But what man shall dare tax another with imprudence? Who is prudent? The men we call greatest are least in this kingdom. There is a certain fatal dislocation in our relation to nature, distorting all our modes of living, and making every law our enemy, which seems at last to have aroused all the wit and virtue in the world to ponder the question of Reform. We must call the highest prudence to counsel, and ask why health and beauty and genius should now be the exception, rather than the rule of human nature? We do not know the properties of plants and animals and the laws of nature through our sympathy with the same; but this remains the dream of poets. Poetry and prudence should be coincident. Poets should be lawgivers, that is, the boldest lyric inspiration should not chide and insult, but should announce and lead the civil code and the day's work. But now the two things seem irreconcileably parted. We have violated law upon law, until we stand amidst ruins, and when by chance we espy a coincidence between reason and the phenomena, we are surprised. Beauty should be the dowry of every man and woman, as invariably as sensation; but it is rare. Health or sound organization should be universal. Genius should be the child of genius, and every child should be inspired; but now it is not to be predicted of any child, and nowhere is it pure. We call partial half-lights, by courtesy, genius; talent which converts itself to money, talent which glitters to-day, that it

may dine and sleep well to-morrow; and society s officered by men of parts, as they are properly called, and not by divine men. These use their gifts to refine luxury, not to abolish it. Genius is always ascetic; and piety and love. Appetite shows to the finer souls as a disease, and they find beauty in rites and bounds that resist it.

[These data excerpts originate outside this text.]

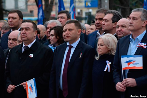 На фото: ватажки ОРДЛО на святкуванн╕ 3-р╕ччя окупац╕╖ Криму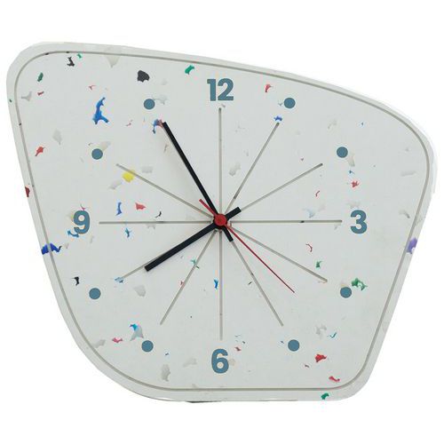 Horloge en matériaux recyclé et upcyclé car fabriquée avec les chutes de plateaux des tables La Mini-Le banc- La carrée etc... En PEHD (polyéthylène haute densité)100% issu de l'économie circulaire blanc moucheté soit décor confettis de style terrazzo. Fabrication française. Horloge éco-conçu et durable Le coloris confettis est obtenu en mélangeant des bouchons de bouteille qui sont broyés et du PEHD recyclé blanc moucheté.
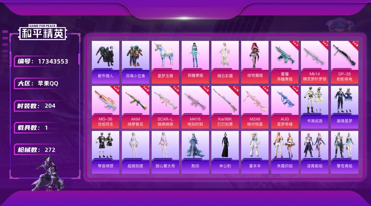 [17343553]苹果 手Q-3粉装-13特效枪-1载具-3粉色飞行器-82504热力值-19王牌印记-204套装-272枪皮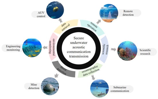 In recent years, researchers have addressed UAC security through cryptography, focusing on authentication and encryption to mitigate challenges like Doppler shift-induced key synchronization errors and multipath fading-induced data corruption [,]. However, most existing research focuses on a single technology path and lacks synergistic optimization and performance evaluation of multi-level security mechanisms [,,]. In this paper, we systematically review advancements in secure transmission technologies for underwater communication, focusing on three core areas: authentication, encryption, and cryptographic synchronization. We analyze their technical principles, performance limits, and application scenarios in depth. By evaluating the strengths and weaknesses of existing schemes, this paper identifies current technical bottlenecks and outlines future development directions. This paper aims to provide theoretical support and technical guidance for building secure UAC for UUVs. It seeks to advance the shift from single optimization to integrated synergy in underwater communication security technologies, ensuring the reliable operation and data security of unmanned marine intelligent equipment.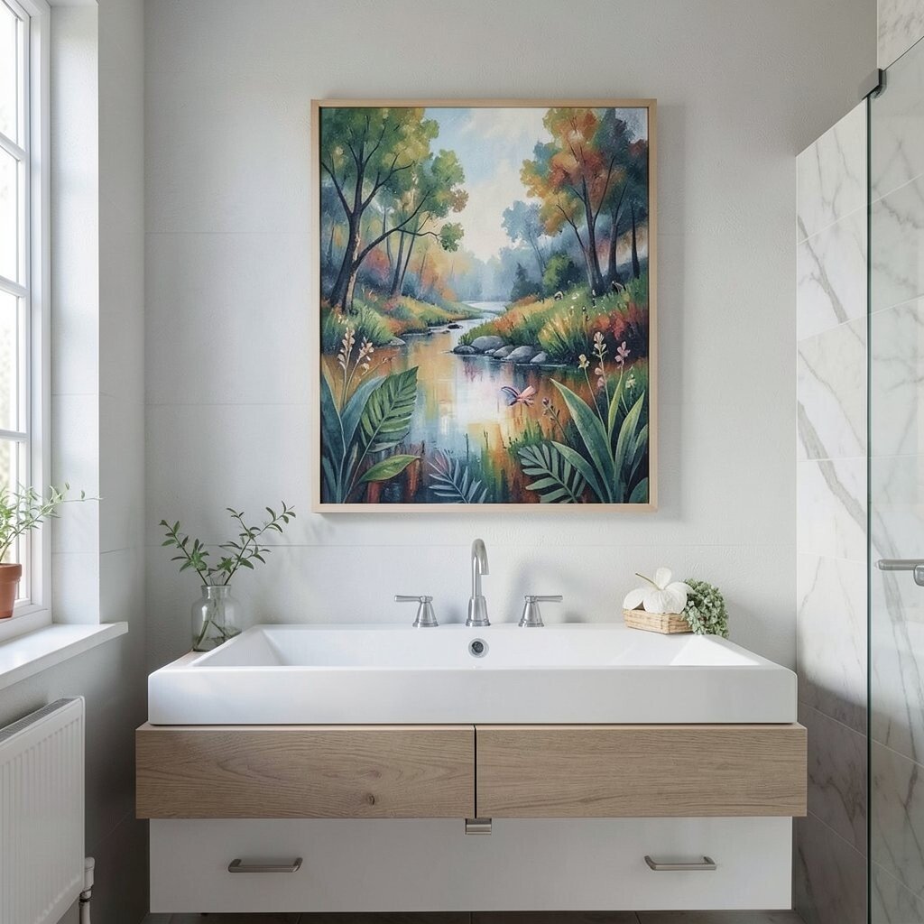 Imagine stepping into your bathroom and feeling as if you’ve entered a serene, natural oasis. Wall art can transport you to lush forests or tranquil beaches. Ready to create your own soothing retreat?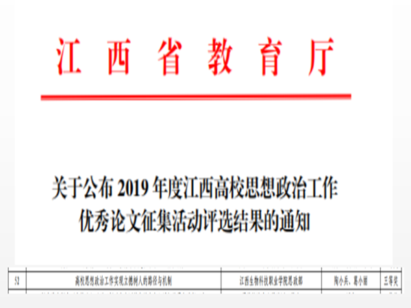 我校荣获2019年度江西省高校思政工作优秀论文三等奖
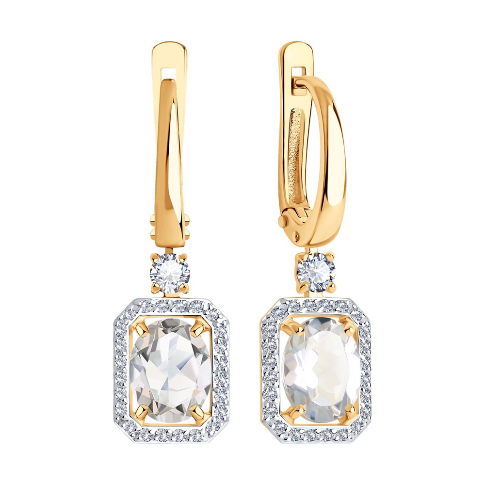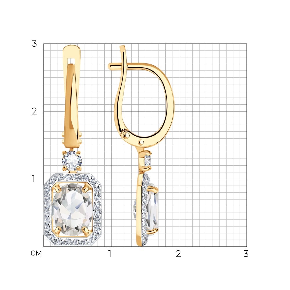 Золотые серьги с подвесками с горным хрусталём и кристальными фианитами выглядят стильно и благородно. Украшение с чистым прозрачным блеском камней станет безупречным завершением обворожительного женственного образа, и в комплекте с кольцом составит великолепный гарнитур. Тип замка - английский. Приобретайте серьги в подарок по выгодным ценам в магазинах Мир Золота.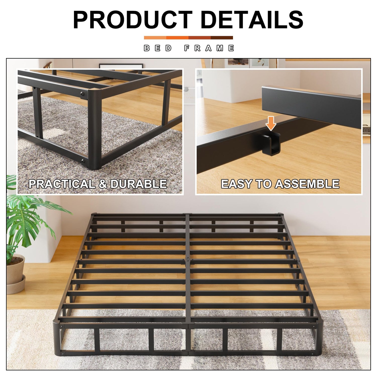 - Heavy-duty and stable metal box springs can support up to 3000 LBS.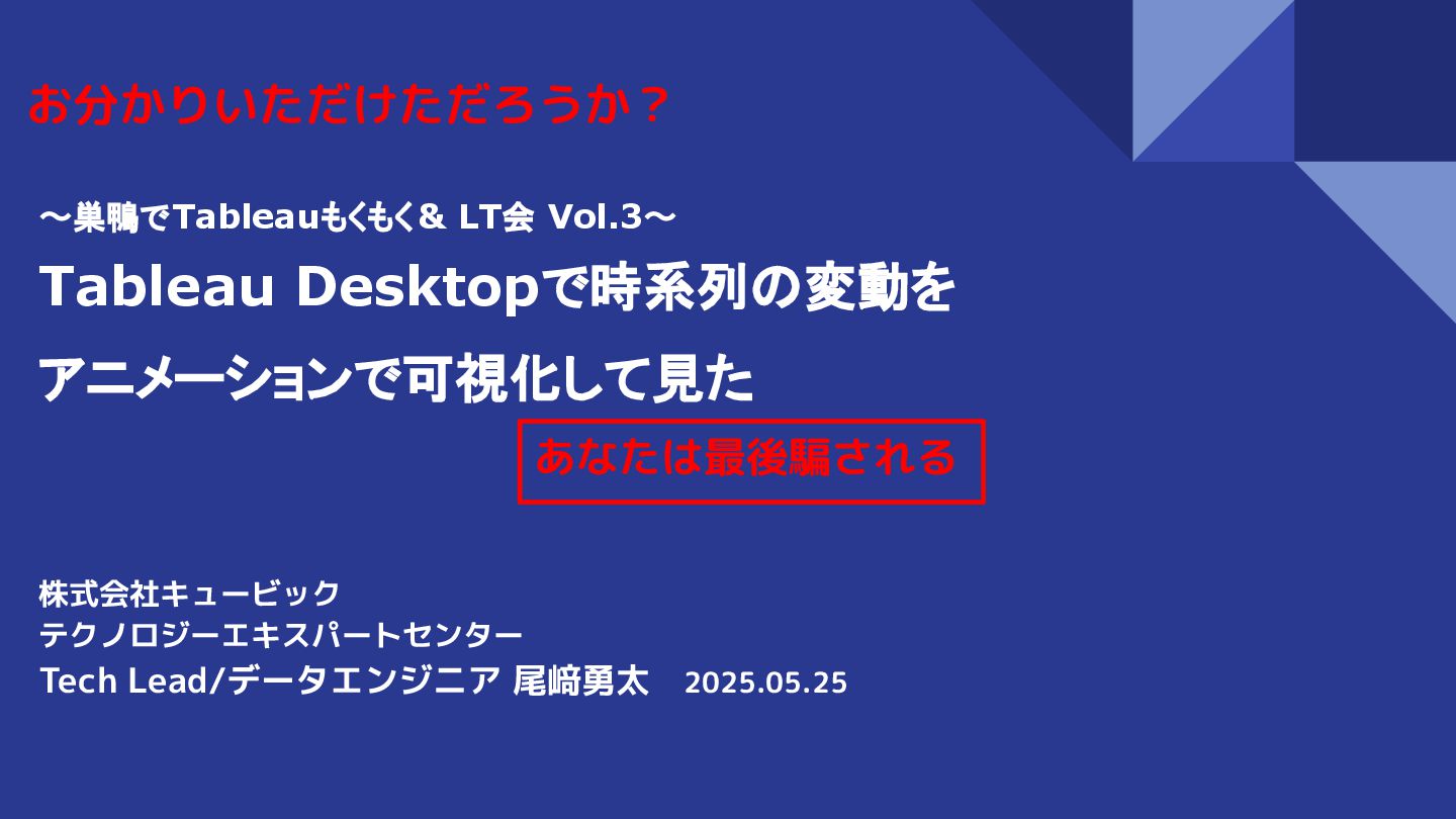 2025年5月24日に巣鴨でTableauもくもく& LT会 Vol.3にてLT発表した内容です(Apprentice時代の者になります)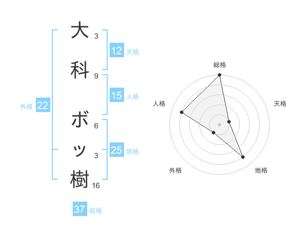 大科 ボッ樹さんを姓名の画数から五運を鑑定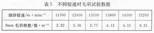細紗錠速對紗線毛羽有較大的影響,從表4試驗數據看出毛羽隨細紗錠速的增大而大幅度的上升。所以在實際生產過程中應合理選擇細紗錠速,不要一味追求產量而忽視產品質量,作為企業(yè)應權衡產量和質量的矛盾。表5是不同錠速時細紗毛羽測試數據。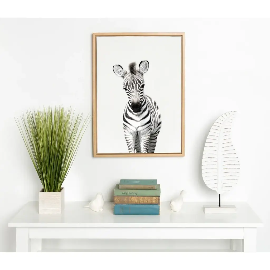 Up close and personal, our adorable photo portraits show off the undeniable "awww" factor of baby animals. Snapped against a white background, a young zebra looks right into the camera to show off its brushy forelock and impressive black-and-white stripes. Each giclee print of the original Gal Design photo is framed in maple wood for a graphic and contemporary look. Hang our winsome foal alone or as part of a gallery group for an enchanting menagerie.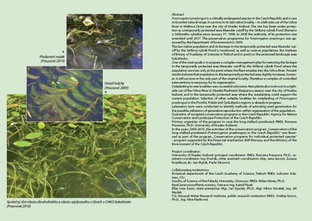 Popularization of the rescue programme for Long-stalked Pondweed (Potamogeton praelongus) -

We have found out fine names to cover our sensuality withal, but no gifts can raise intemperance. The man of talent affects to call his transgressions of the laws of the senses trivial, and to count them nothing considered with his devotion to his art. His art rebakes him. That never taught him lewdness, nor the love of wine, nor the wish to reap where he had not sowed. His art is less for every deduction from his holiness, and less for every defect of common sense. On him who scorned the world, as he said, the scorned world wreaks its revenge. He that despiseth small things will perish by little and little. Goethe's Tasso

is very likely to be a pretty fair historical portrait, and that is true tragedy. It does not seem to me so genuine grief when some tyrannous Richard III. oppresses and slays a score of innocent persons, as when Antonio and Tasso, both apparently right, wrong each other. One living after the maxims of this world, and consistent and true to them, the other fired with all divine sentiments, yet grasping also at the pleasures of sense, without submitting to their law. That is a grief we all feel, a knot we cannot untie. Tasso's is no infrequent case in modern biography. A man of genius, of an ardent temperament, reckless of physical laws, selfindulgent, becomes presently unfortunate, querulous, a "discomfortable cousin," a thorn to himself and to others.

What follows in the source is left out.